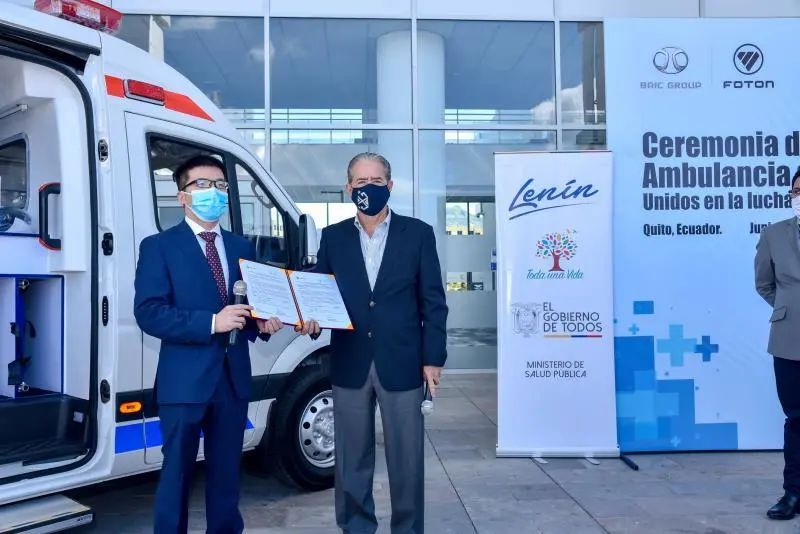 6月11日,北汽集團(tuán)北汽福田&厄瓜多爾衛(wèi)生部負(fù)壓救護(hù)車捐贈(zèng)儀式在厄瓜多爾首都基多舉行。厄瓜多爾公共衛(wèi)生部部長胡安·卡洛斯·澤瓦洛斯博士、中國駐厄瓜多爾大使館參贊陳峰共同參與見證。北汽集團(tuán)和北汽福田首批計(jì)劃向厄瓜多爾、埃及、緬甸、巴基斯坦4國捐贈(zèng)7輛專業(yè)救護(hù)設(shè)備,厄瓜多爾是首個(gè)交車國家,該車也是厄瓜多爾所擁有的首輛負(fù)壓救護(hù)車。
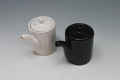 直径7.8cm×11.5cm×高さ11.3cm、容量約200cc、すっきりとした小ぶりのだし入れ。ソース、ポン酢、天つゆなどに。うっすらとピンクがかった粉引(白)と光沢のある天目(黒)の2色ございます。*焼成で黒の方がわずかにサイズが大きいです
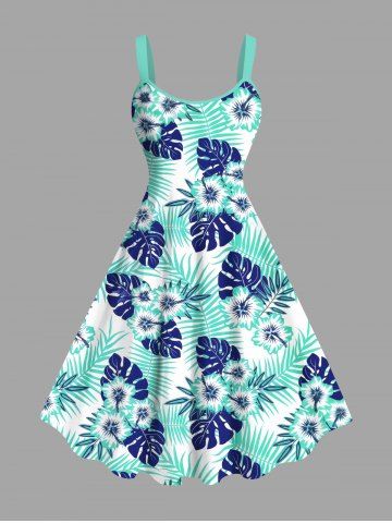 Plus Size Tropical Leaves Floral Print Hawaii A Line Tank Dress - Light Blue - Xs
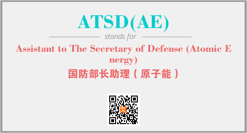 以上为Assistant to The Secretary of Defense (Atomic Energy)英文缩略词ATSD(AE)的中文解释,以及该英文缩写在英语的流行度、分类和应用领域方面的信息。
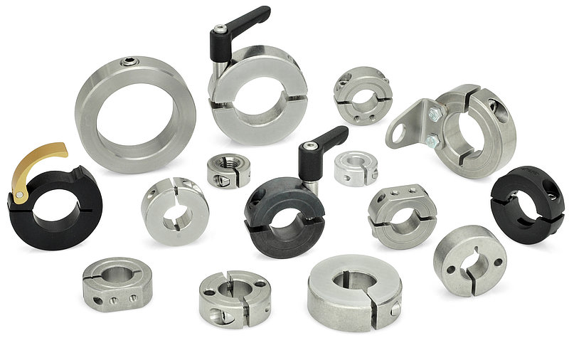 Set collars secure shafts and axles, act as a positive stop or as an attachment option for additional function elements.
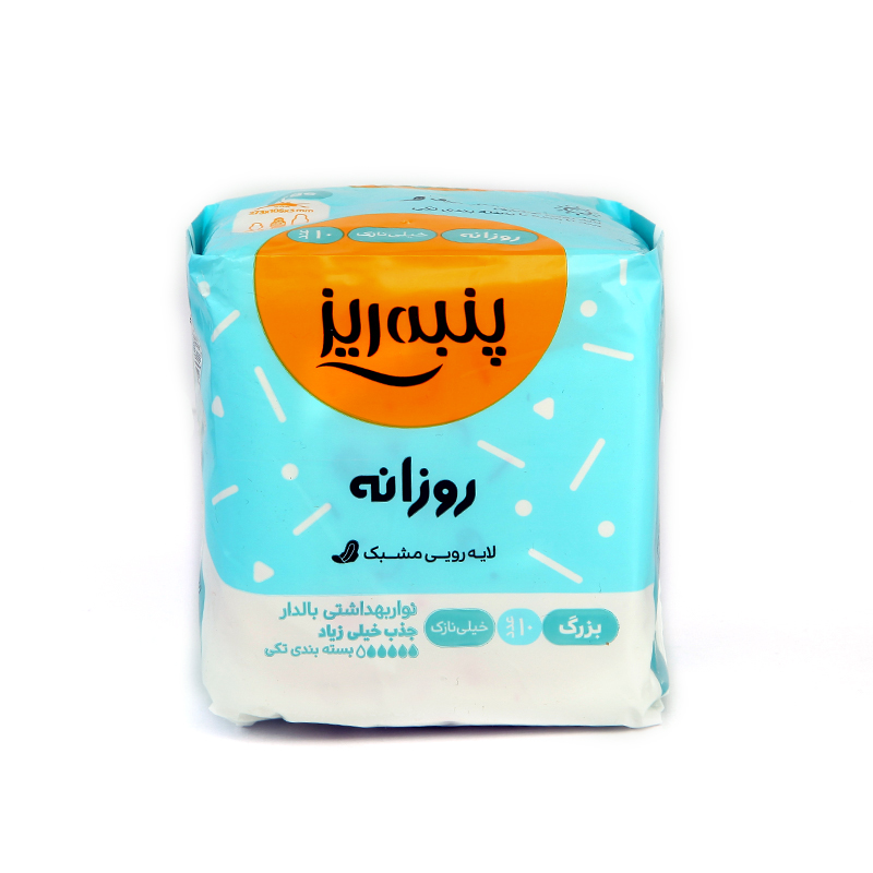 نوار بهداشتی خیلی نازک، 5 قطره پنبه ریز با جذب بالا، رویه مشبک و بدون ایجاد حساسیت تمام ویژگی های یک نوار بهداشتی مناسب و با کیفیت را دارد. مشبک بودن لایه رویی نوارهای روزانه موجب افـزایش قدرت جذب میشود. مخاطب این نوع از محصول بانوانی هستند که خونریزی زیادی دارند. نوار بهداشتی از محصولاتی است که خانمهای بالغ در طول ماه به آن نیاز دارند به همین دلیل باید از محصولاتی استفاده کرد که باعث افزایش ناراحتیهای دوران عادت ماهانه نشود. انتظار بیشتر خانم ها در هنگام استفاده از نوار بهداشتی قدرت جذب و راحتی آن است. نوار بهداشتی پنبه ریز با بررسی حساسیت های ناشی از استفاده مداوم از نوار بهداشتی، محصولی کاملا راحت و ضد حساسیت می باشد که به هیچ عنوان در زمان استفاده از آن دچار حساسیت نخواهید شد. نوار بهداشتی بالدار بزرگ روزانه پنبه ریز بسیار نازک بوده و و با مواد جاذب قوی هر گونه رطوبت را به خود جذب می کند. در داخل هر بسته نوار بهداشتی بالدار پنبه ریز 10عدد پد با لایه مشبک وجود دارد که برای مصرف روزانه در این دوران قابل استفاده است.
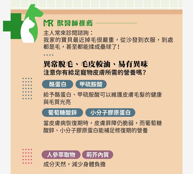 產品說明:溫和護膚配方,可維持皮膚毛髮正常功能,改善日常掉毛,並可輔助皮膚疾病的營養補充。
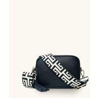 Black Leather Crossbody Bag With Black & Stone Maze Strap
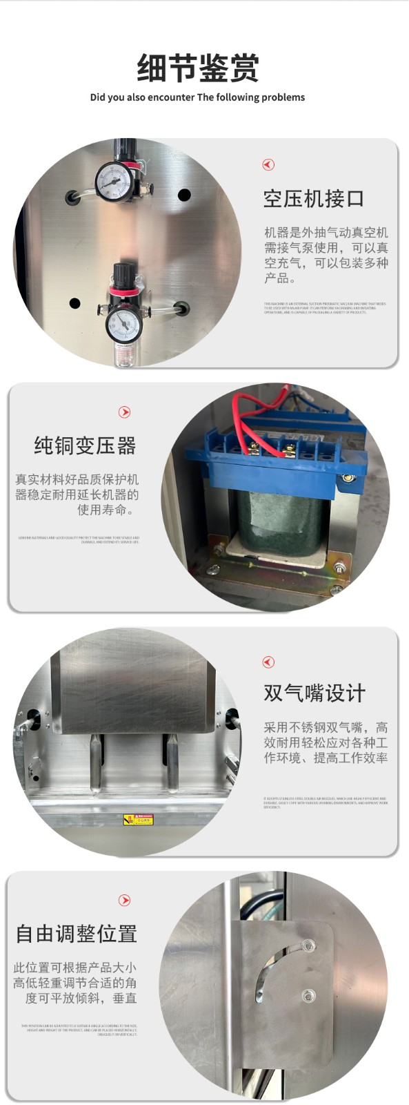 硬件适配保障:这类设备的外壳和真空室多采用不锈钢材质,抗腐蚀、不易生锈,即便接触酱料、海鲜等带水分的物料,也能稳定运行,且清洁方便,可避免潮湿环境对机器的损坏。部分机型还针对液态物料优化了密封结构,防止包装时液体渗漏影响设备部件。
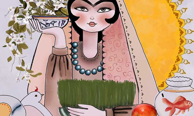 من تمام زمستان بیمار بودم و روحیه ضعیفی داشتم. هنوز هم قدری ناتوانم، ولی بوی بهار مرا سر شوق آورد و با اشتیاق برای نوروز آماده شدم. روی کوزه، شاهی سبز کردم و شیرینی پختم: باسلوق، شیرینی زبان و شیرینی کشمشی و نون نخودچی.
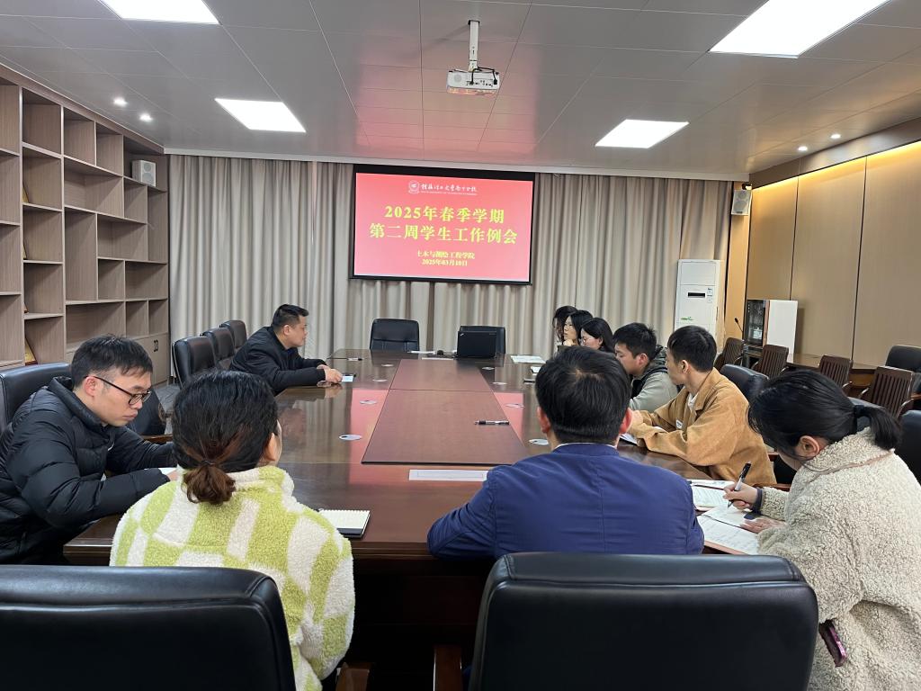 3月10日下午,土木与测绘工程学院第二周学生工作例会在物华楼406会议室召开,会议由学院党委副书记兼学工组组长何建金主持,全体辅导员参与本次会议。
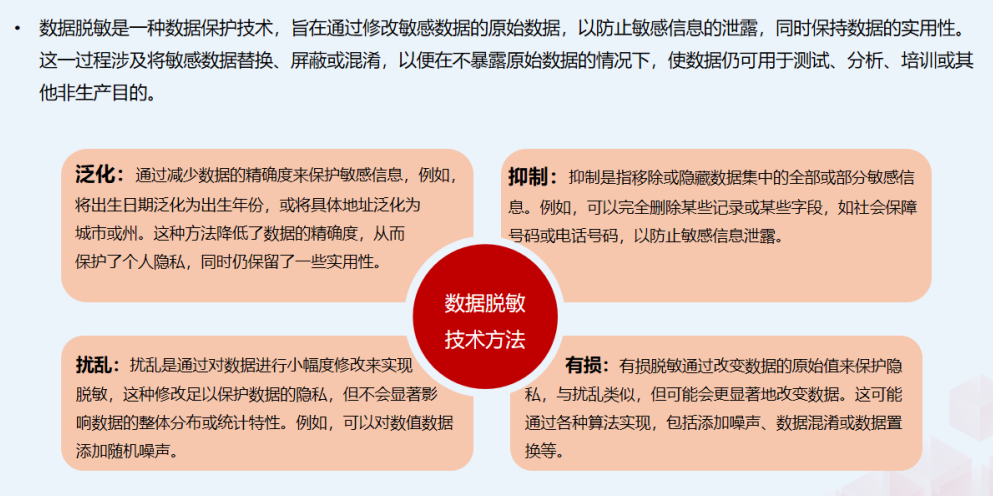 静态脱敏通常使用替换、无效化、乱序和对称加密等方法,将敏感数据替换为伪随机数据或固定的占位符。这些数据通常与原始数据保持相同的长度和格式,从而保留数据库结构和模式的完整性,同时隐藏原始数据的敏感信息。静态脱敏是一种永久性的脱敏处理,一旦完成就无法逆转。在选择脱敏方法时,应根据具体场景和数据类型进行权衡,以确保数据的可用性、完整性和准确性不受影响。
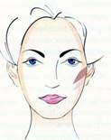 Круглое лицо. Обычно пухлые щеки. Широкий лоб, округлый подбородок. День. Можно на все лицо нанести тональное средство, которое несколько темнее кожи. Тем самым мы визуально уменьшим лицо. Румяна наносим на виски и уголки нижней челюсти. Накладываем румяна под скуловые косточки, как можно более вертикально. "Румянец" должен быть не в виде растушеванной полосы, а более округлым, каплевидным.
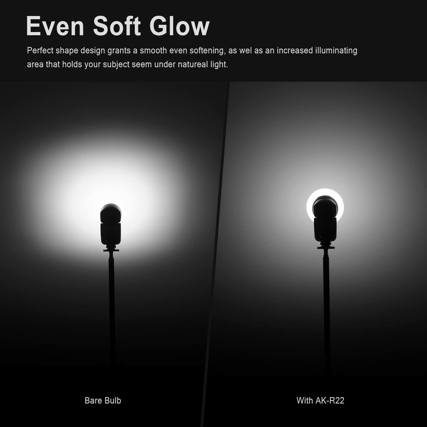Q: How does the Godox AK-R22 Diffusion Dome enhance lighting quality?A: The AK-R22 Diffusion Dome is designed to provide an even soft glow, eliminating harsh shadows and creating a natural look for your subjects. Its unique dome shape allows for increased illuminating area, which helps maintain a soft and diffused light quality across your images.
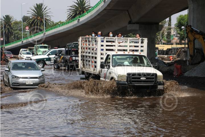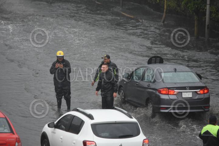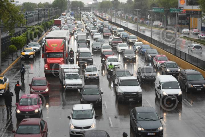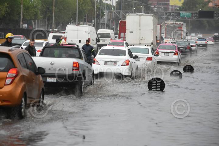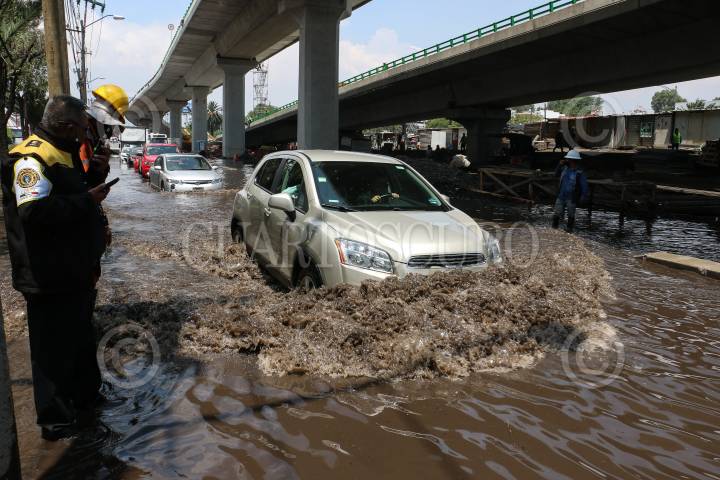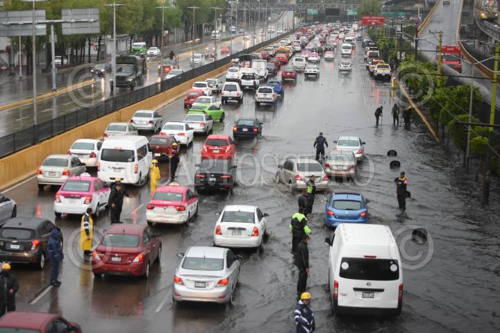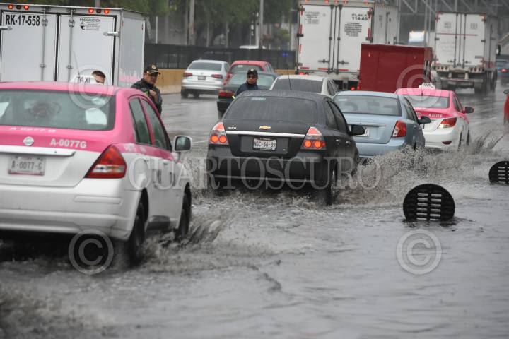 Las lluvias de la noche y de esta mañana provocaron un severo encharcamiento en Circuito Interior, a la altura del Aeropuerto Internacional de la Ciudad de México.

__Your task__:
Please, without any pictures, print each entry exactly.

__Task response__:
 6月11日,北汽集團(tuán)北汽福田&厄瓜多爾衛(wèi)生部負(fù)壓救護(hù)車捐贈(zèng)儀式在厄瓜多爾首都基多舉行。厄瓜多爾公共衛(wèi)生部部長胡安·卡洛斯·澤瓦洛斯博士、中國駐厄瓜多爾大使館參贊陳峰共同參與見證。北汽集團(tuán)和北汽福田首批計(jì)劃向厄瓜多爾、埃及、緬甸、巴基斯坦4國捐贈(zèng)7輛專業(yè)救護(hù)設(shè)備,厄瓜多爾是首個(gè)交車國家,該車也是厄瓜多爾所擁有的首輛負(fù)壓救護(hù)車。
 直径7.8cm×11.5cm×高さ11.3cm、容量約200cc、すっきりとした小ぶりのだし入れ。ソース、ポン酢、天つゆなどに。うっすらとピンクがかった粉引(白)と光沢のある天目(黒)の2色ございます。*焼成で黒の方がわずかにサイズが大きいです
 Plus Size Tropical Leaves Floral Print Hawaii A Line Tank Dress - Light Blue - Xs
 以上为Assistant to The Secretary of Defense (Atomic Energy)英文缩略词ATSD(AE)的中文解释,以及该英文缩写在英语的流行度、分类和应用领域方面的信息。
 Set collars secure shafts and axles, act as a positive stop or as an attachment option for additional function elements.
 نوار بهداشتی خیلی نازک، 5 قطره پنبه ریز با جذب بالا، رویه مشبک و بدون ایجاد حساسیت تمام ویژگی های یک نوار بهداشتی مناسب و با کیفیت را دارد. مشبک بودن لایه رویی نوارهای روزانه موجب افـزایش قدرت جذب میشود. مخاطب این نوع از محصول بانوانی هستند که خونریزی زیادی دارند. نوار بهداشتی از محصولاتی است که خانمهای بالغ در طول ماه به آن نیاز دارند به همین دلیل باید از محصولاتی استفاده کرد که باعث افزایش ناراحتیهای دوران عادت ماهانه نشود. انتظار بیشتر خانم ها در هنگام استفاده از نوار بهداشتی قدرت جذب و راحتی آن است. نوار بهداشتی پنبه ریز با بررسی حساسیت های ناشی از استفاده مداوم از نوار بهداشتی، محصولی کاملا راحت و ضد حساسیت می باشد که به هیچ عنوان در زمان استفاده از آن دچار حساسیت نخواهید شد. نوار بهداشتی بالدار بزرگ روزانه پنبه ریز بسیار نازک بوده و و با مواد جاذب قوی هر گونه رطوبت را به خود جذب می کند. در داخل هر بسته نوار بهداشتی بالدار پنبه ریز 10عدد پد با لایه مشبک وجود دارد که برای مصرف روزانه در این دوران قابل استفاده است.
 產品說明:溫和護膚配方,可維持皮膚毛髮正常功能,改善日常掉毛,並可輔助皮膚疾病的營養補充。
 Black Leather Crossbody Bag With Black & Stone Maze Strap
 硬件适配保障:这类设备的外壳和真空室多采用不锈钢材质,抗腐蚀、不易生锈,即便接触酱料、海鲜等带水分的物料,也能稳定运行,且清洁方便,可避免潮湿环境对机器的损坏。部分机型还针对液态物料优化了密封结构,防止包装时液体渗漏影响设备部件。
 من تمام زمستان بیمار بودم و روحیه ضعیفی داشتم. هنوز هم قدری ناتوانم، ولی بوی بهار مرا سر شوق آورد و با اشتیاق برای نوروز آماده شدم. روی کوزه، شاهی سبز کردم و شیرینی پختم: باسلوق، شیرینی زبان و شیرینی کشمشی و نون نخودچی.
 3月10日下午,土木与测绘工程学院第二周学生工作例会在物华楼406会议室召开,会议由学院党委副书记兼学工组组长何建金主持,全体辅导员参与本次会议。
 静态脱敏通常使用替换、无效化、乱序和对称加密等方法,将敏感数据替换为伪随机数据或固定的占位符。这些数据通常与原始数据保持相同的长度和格式,从而保留数据库结构和模式的完整性,同时隐藏原始数据的敏感信息。静态脱敏是一种永久性的脱敏处理,一旦完成就无法逆转。在选择脱敏方法时,应根据具体场景和数据类型进行权衡,以确保数据的可用性、完整性和准确性不受影响。
 Круглое лицо. Обычно пухлые щеки. Широкий лоб, округлый подбородок. День. Можно на все лицо нанести тональное средство, которое несколько темнее кожи. Тем самым мы визуально уменьшим лицо. Румяна наносим на виски и уголки нижней челюсти. Накладываем румяна под скуловые косточки, как можно более вертикально. "Румянец" должен быть не в виде растушеванной полосы, а более округлым, каплевидным.
Q: How does the Godox AK-R22 Diffusion Dome enhance lighting quality?A: The AK-R22 Diffusion Dome is designed to provide an even soft glow, eliminating harsh shadows and creating a natural look for your subjects. Its unique dome shape allows for increased illuminating area, which helps maintain a soft and diffused light quality across your images.
 Las lluvias de la noche y de esta mañana provocaron un severo encharcamiento en Circuito Interior, a la altura del Aeropuerto Internacional de la Ciudad de México.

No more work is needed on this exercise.